Wave-Corpuscule Duality

The photoelectric effect was one of the first physical effects that revealed the wave-corpuscle duality characteristic of quantum mechanics. Light behaves like waves and can produce interference and diffraction as in Thomas Young’s double slit experiment, but it exchanges energy discretely in packets of energy, photons, whose energy depends on the frequency of electromagnetic radiation. Classical ideas about the absorption of electromagnetic radiation by an electron suggested that energy is absorbed continuously. These types of explanations were found in classic books such as Millikan’s book on Electrons or the one written by Compton and Allison on the theory and experimentation with X-rays. These ideas were quickly replaced after Albert Einstein’s quantum explanation.

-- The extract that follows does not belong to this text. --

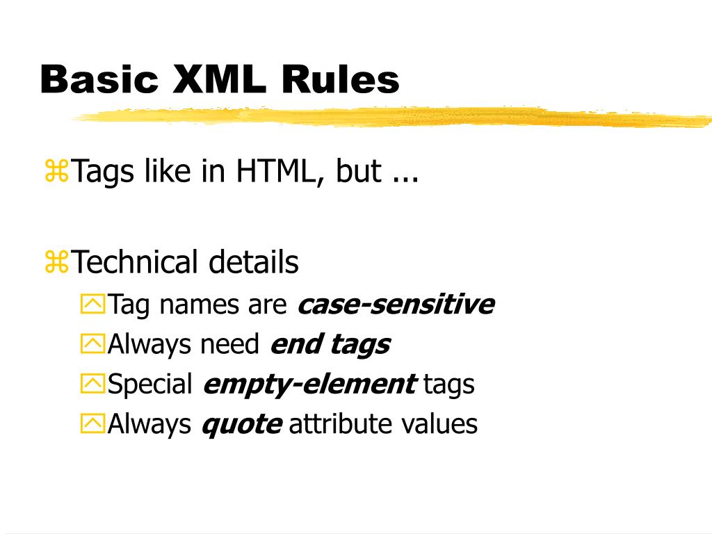Basic XML Rules • Tags like in HTML, but ... • Technical details • Tag names are case-sensitive • Always need end tags • Special empty-element tags • Always quote attribute values

Photoelectric effect today

The photoelectric effect is the basis of the production of electrical energy by solar radiation and the energy use of solar energy. The photoelectric effect is also used to manufacture cells used in the flame detectors of the boilers of large thermoelectric power plants. This effect is also the working principle of the sensors used in digital cameras. It is also used in photosensitive diodes such as those used in photovoltaic cells and in electroscopes or electrometers. Currently, the most used photosensitive materials are, apart from those derived from copper (now in less use), silicon, which produces higher electrical currents.

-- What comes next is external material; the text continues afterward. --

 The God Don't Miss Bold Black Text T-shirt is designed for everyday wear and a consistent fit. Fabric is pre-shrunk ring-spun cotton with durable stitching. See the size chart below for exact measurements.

The photoelectric effect also manifests itself in bodies exposed to sunlight for a long time. For example, dust particles on the lunar surface become positively charged due to the impact of photons. The charged particles repel each other, rising from the surface and forming a tenuous atmosphere. Space satellites also acquire a positive electrical charge on their illuminated surfaces and a negative electrical charge on their darkened regions, so it is necessary to take these charge accumulation effects into account in their design.